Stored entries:
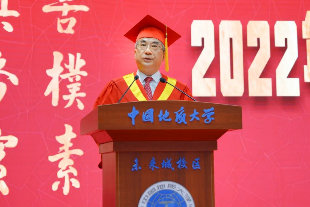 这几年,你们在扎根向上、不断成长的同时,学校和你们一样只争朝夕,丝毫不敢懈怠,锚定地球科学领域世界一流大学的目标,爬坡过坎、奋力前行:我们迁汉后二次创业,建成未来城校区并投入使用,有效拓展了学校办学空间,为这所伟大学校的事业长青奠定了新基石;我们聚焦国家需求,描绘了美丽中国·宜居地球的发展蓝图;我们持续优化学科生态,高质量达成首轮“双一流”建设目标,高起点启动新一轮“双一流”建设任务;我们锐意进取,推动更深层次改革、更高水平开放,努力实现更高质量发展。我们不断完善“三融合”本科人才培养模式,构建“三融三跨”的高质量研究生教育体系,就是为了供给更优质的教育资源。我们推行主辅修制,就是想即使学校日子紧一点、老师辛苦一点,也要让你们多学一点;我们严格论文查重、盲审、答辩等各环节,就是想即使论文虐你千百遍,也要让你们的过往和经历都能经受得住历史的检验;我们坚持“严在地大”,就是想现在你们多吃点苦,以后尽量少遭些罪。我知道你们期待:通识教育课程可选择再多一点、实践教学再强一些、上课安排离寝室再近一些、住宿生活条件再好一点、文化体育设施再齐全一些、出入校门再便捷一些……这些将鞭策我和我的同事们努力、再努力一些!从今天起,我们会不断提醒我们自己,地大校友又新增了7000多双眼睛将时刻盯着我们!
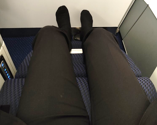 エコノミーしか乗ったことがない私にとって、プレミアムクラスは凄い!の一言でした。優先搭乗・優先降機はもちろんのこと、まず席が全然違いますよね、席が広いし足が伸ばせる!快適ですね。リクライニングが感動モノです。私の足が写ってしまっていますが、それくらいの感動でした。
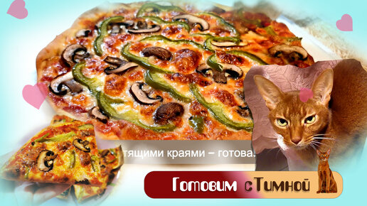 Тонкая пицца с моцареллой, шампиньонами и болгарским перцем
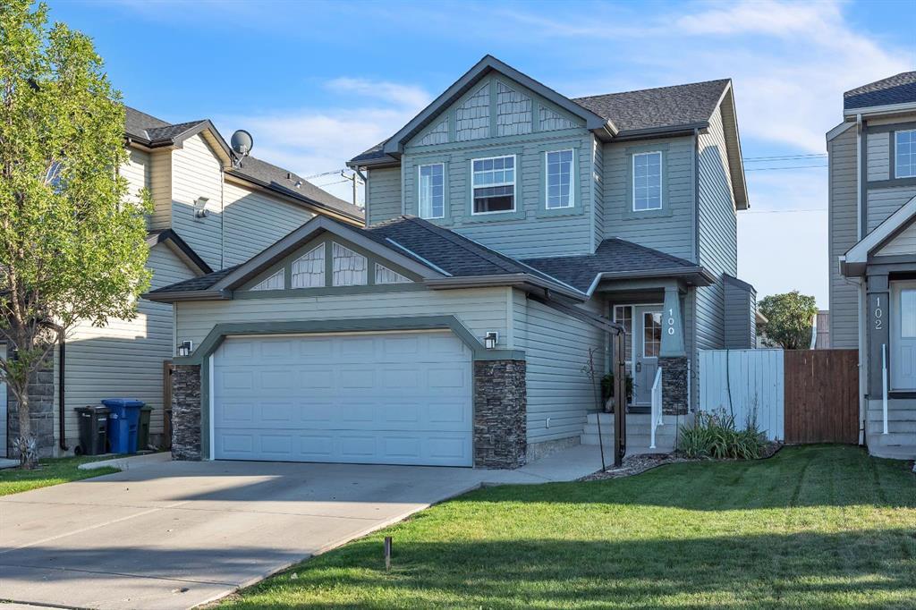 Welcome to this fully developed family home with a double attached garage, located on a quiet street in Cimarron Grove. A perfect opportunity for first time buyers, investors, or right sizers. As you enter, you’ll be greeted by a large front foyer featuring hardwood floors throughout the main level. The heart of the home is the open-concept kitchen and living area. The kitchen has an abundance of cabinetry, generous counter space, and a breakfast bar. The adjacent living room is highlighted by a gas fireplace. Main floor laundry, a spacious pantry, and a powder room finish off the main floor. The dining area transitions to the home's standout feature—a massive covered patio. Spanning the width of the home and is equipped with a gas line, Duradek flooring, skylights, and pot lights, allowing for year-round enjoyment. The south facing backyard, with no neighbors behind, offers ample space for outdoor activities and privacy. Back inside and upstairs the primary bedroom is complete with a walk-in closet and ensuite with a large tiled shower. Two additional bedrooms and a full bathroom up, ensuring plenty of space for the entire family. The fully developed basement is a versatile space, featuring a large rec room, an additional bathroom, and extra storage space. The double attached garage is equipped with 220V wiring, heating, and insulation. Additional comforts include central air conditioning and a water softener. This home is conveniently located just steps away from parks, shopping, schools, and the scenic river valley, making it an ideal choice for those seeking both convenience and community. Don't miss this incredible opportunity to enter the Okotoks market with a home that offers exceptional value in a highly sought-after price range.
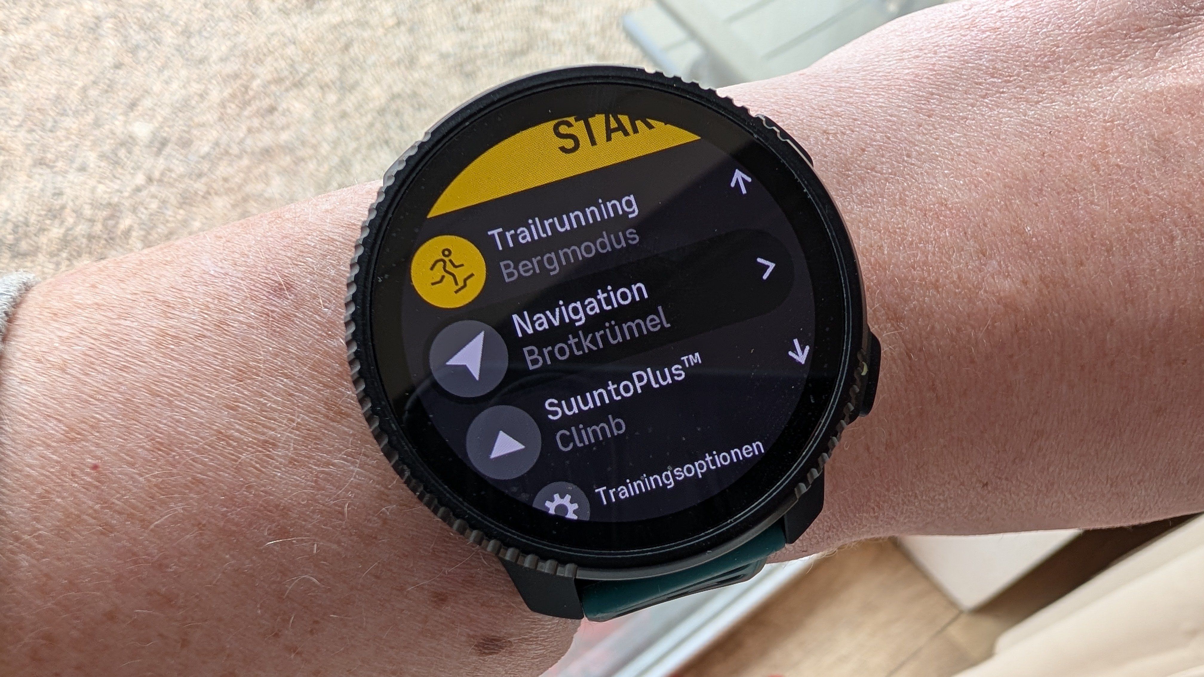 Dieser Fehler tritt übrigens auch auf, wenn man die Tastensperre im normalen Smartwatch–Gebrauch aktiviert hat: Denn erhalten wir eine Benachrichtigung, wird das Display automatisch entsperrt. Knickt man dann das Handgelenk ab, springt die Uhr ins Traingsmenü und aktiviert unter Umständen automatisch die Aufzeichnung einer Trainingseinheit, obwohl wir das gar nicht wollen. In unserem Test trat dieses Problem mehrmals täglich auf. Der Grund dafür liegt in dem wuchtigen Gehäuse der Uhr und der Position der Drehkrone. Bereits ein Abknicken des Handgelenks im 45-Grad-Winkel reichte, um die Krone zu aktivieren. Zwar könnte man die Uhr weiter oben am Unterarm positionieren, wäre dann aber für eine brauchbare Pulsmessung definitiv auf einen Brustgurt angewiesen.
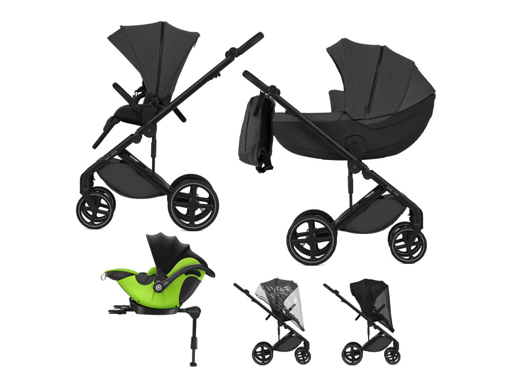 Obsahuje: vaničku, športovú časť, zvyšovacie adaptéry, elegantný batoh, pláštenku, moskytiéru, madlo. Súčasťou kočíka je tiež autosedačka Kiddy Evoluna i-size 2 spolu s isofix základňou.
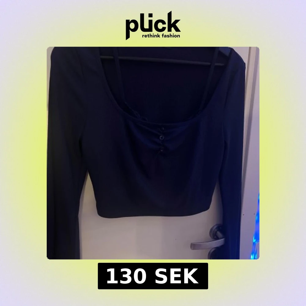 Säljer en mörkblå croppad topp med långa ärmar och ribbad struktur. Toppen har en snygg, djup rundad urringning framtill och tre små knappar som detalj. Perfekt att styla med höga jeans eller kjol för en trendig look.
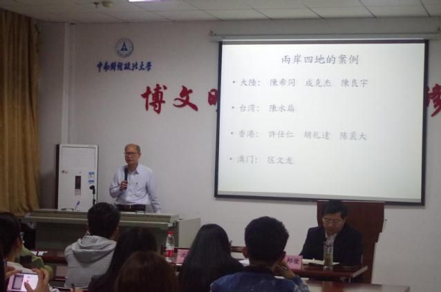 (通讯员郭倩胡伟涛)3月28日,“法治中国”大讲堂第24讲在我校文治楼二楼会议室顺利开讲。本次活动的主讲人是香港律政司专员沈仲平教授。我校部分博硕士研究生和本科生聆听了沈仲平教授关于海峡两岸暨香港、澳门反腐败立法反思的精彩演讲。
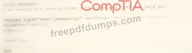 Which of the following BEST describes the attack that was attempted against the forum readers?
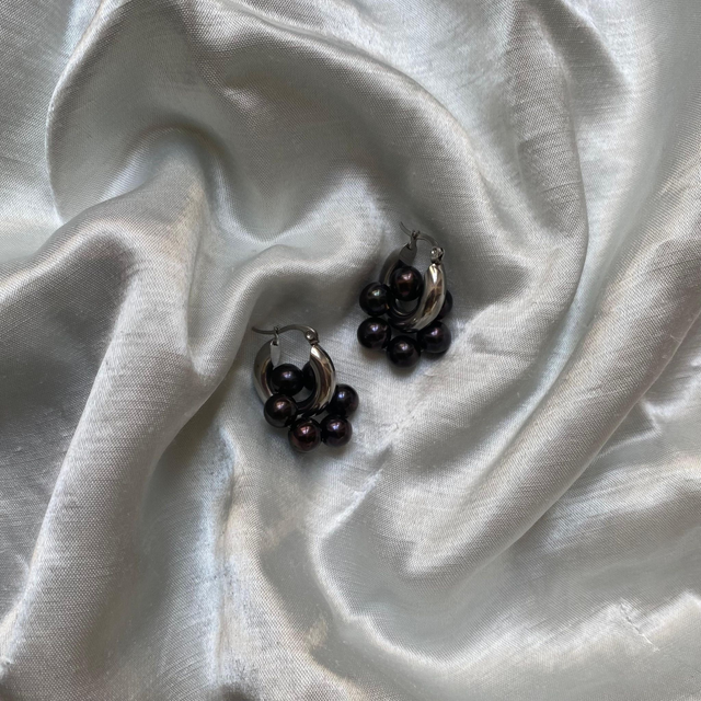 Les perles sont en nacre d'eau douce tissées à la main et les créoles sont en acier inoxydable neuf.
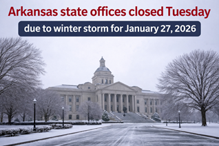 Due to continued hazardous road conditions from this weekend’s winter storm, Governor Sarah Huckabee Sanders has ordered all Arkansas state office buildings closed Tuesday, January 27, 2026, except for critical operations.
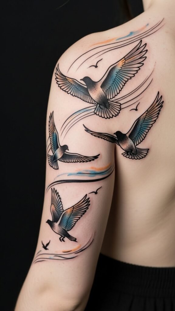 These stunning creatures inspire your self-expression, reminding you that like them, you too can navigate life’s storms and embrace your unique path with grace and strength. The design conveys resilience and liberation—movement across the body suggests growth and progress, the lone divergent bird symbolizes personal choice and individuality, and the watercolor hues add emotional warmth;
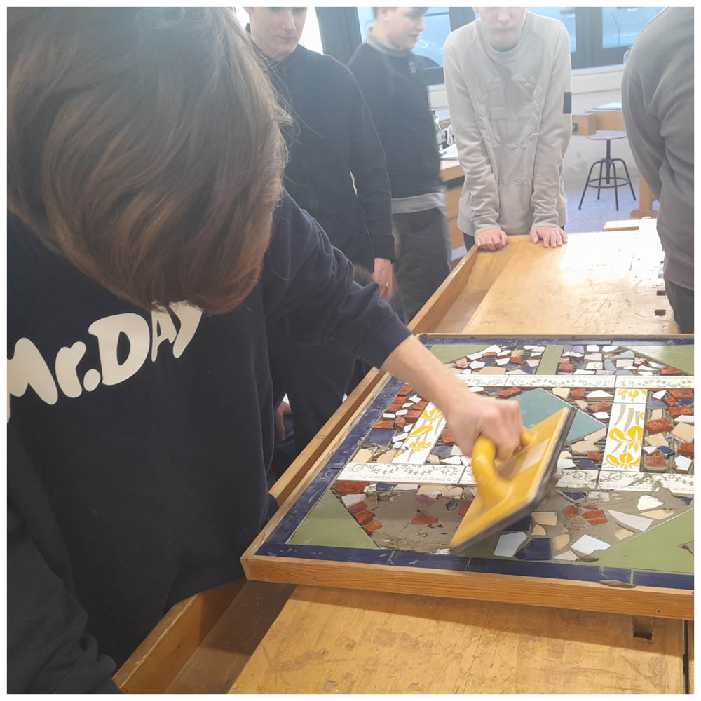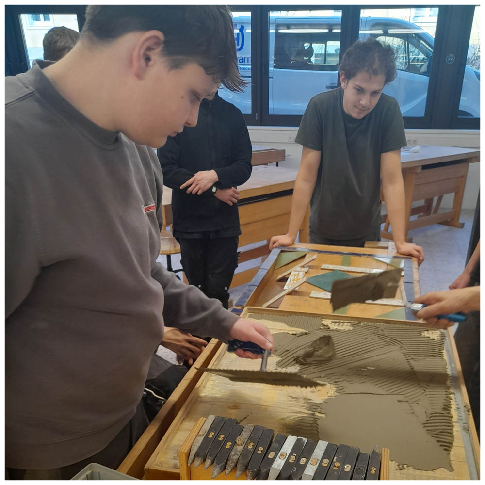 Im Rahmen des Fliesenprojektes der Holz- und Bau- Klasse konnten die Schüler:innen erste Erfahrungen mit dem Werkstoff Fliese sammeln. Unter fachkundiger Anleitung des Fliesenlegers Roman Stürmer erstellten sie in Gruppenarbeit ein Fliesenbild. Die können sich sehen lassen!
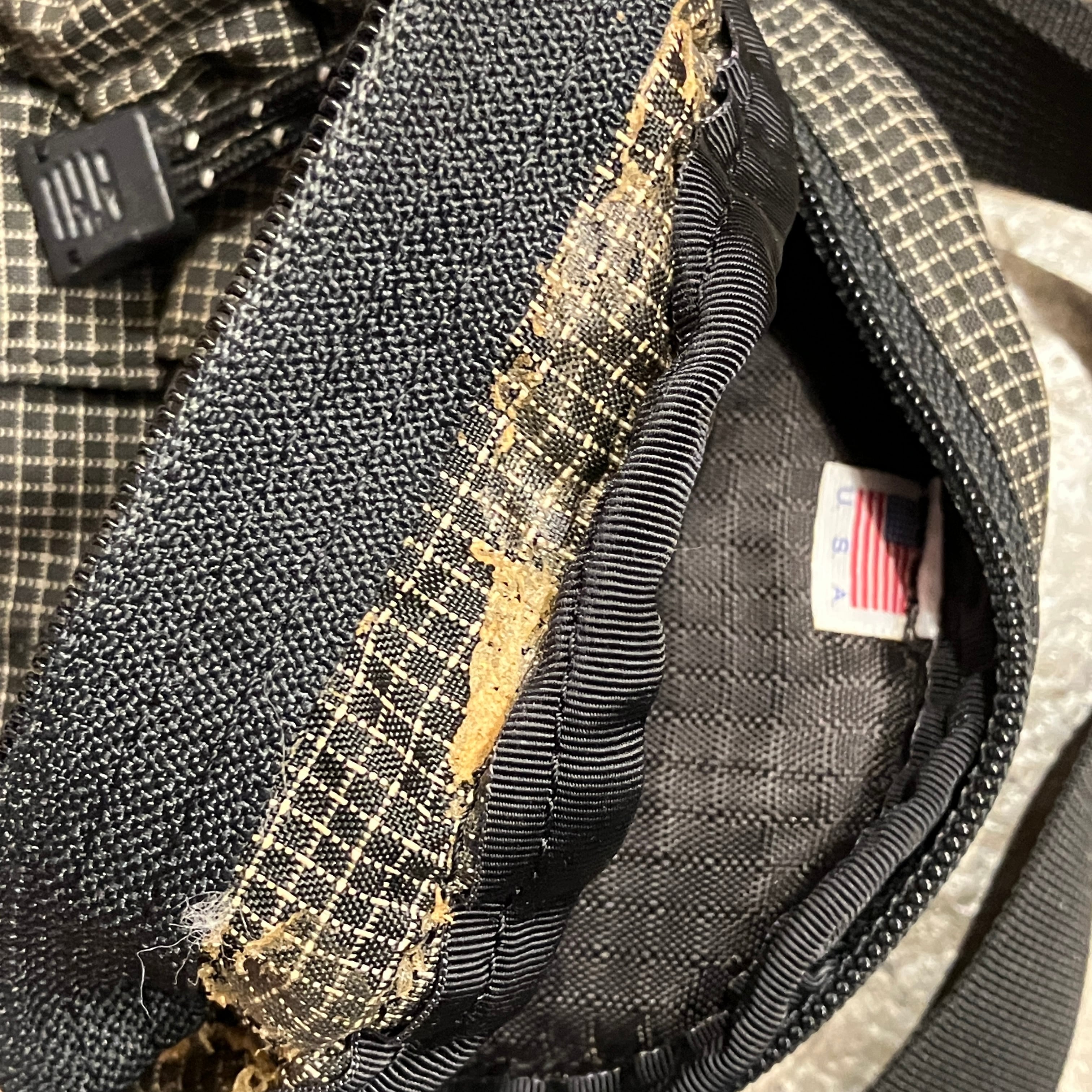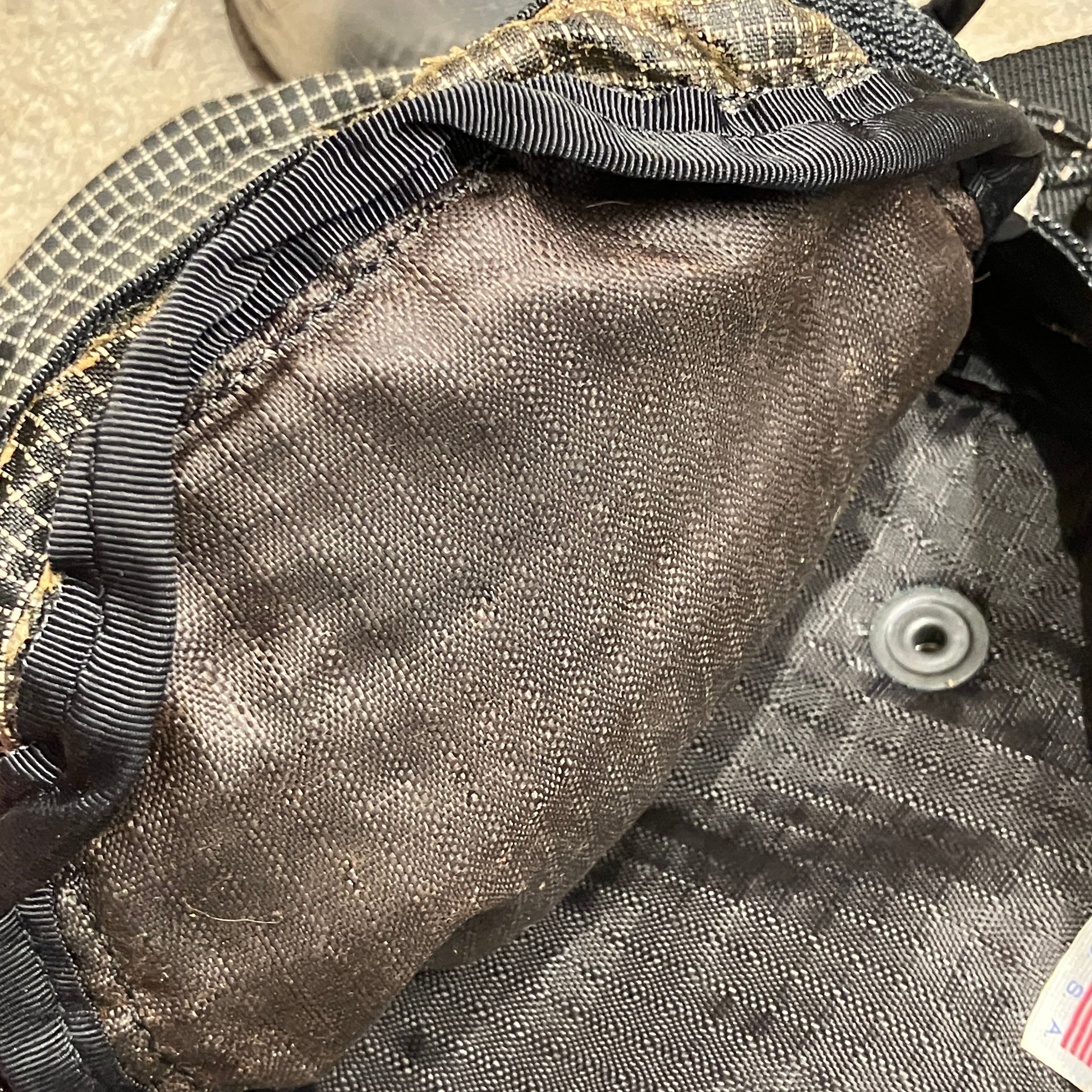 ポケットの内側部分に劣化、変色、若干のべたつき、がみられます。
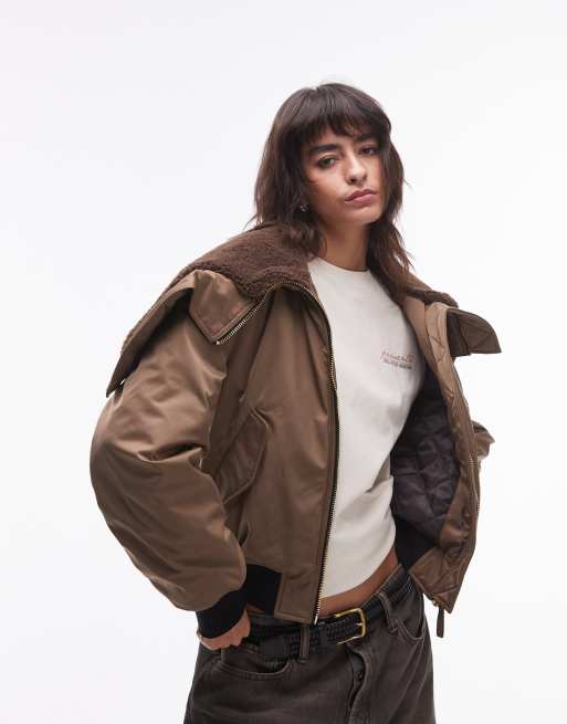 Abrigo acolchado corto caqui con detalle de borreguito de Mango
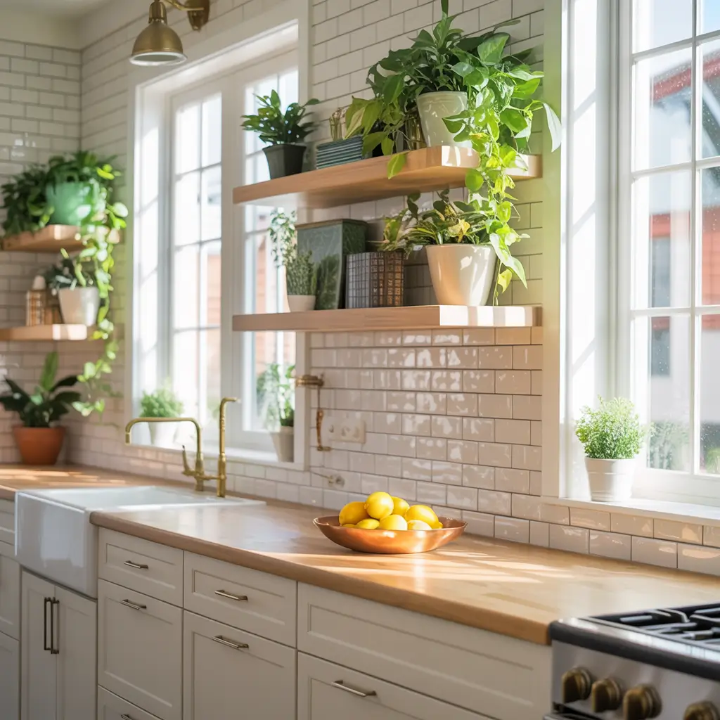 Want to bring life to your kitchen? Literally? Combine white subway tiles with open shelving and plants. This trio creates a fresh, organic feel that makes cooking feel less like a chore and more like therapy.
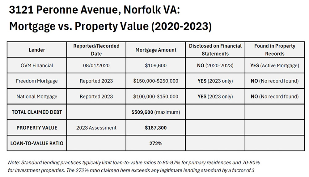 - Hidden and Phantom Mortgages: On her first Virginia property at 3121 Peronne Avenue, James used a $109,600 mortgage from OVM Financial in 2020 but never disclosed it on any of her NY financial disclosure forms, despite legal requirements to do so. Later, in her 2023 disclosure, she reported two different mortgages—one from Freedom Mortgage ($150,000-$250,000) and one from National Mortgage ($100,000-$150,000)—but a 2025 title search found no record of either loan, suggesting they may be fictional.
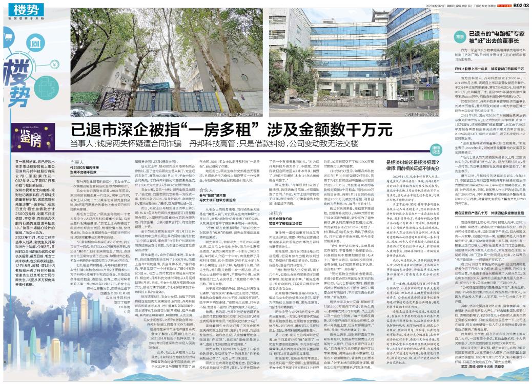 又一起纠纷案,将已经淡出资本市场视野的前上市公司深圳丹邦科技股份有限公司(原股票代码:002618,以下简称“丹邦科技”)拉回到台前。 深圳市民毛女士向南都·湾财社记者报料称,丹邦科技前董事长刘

TASK DESCRIPTION:
From the first line through the line with "Тонкая пицца с", output those lines of the entries above exactly, and nothing else, with the pictures left out.

TASK ANSWER:
 这几年,你们在扎根向上、不断成长的同时,学校和你们一样只争朝夕,丝毫不敢懈怠,锚定地球科学领域世界一流大学的目标,爬坡过坎、奋力前行:我们迁汉后二次创业,建成未来城校区并投入使用,有效拓展了学校办学空间,为这所伟大学校的事业长青奠定了新基石;我们聚焦国家需求,描绘了美丽中国·宜居地球的发展蓝图;我们持续优化学科生态,高质量达成首轮“双一流”建设目标,高起点启动新一轮“双一流”建设任务;我们锐意进取,推动更深层次改革、更高水平开放,努力实现更高质量发展。我们不断完善“三融合”本科人才培养模式,构建“三融三跨”的高质量研究生教育体系,就是为了供给更优质的教育资源。我们推行主辅修制,就是想即使学校日子紧一点、老师辛苦一点,也要让你们多学一点;我们严格论文查重、盲审、答辩等各环节,就是想即使论文虐你千百遍,也要让你们的过往和经历都能经受得住历史的检验;我们坚持“严在地大”,就是想现在你们多吃点苦,以后尽量少遭些罪。我知道你们期待:通识教育课程可选择再多一点、实践教学再强一些、上课安排离寝室再近一些、住宿生活条件再好一点、文化体育设施再齐全一些、出入校门再便捷一些……这些将鞭策我和我的同事们努力、再努力一些!从今天起,我们会不断提醒我们自己,地大校友又新增了7000多双眼睛将时刻盯着我们!
 エコノミーしか乗ったことがない私にとって、プレミアムクラスは凄い!の一言でした。優先搭乗・優先降機はもちろんのこと、まず席が全然違いますよね、席が広いし足が伸ばせる!快適ですね。リクライニングが感動モノです。私の足が写ってしまっていますが、それくらいの感動でした。
 Тонкая пицца с моцареллой, шампиньонами и болгарским перцем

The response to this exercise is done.